**RECORDS FOR THE TASK:**
•••
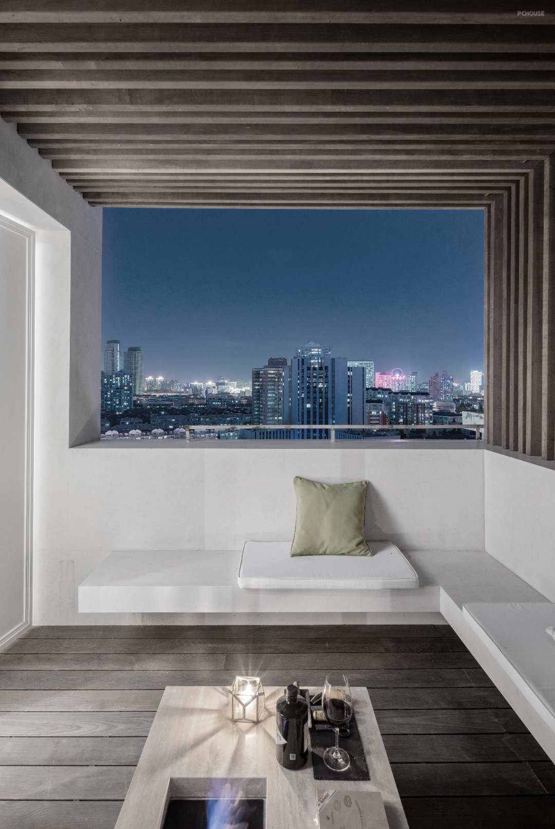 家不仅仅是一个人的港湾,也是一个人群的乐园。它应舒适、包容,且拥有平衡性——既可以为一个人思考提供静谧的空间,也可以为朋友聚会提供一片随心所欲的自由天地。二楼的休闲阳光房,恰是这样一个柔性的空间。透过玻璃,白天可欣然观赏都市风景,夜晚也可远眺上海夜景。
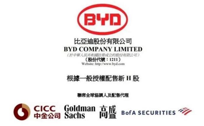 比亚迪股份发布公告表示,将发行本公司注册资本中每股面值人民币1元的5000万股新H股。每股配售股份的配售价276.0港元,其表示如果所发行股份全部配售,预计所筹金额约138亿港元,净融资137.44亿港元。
•••
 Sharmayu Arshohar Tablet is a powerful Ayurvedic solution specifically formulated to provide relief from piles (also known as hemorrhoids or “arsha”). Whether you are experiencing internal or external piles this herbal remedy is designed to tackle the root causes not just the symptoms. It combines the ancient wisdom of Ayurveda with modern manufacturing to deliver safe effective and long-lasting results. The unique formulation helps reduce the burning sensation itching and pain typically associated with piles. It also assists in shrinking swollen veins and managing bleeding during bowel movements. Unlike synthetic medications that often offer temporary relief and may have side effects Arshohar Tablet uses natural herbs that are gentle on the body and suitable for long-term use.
•••
**WHAT IS BEING ASKED:**
Once the line with "家不仅仅是一个人的港湾,也是" is found in the data above, reproduce it and each line after it exactly, through the line with "比亚迪股份发布公告表示,将发". Omit the pictures.

**ANSWER TO THE EXERCISE:**
 家不仅仅是一个人的港湾,也是一个人群的乐园。它应舒适、包容,且拥有平衡性——既可以为一个人思考提供静谧的空间,也可以为朋友聚会提供一片随心所欲的自由天地。二楼的休闲阳光房,恰是这样一个柔性的空间。透过玻璃,白天可欣然观赏都市风景,夜晚也可远眺上海夜景。
 比亚迪股份发布公告表示,将发行本公司注册资本中每股面值人民币1元的5000万股新H股。每股配售股份的配售价276.0港元,其表示如果所发行股份全部配售,预计所筹金额约138亿港元,净融资137.44亿港元。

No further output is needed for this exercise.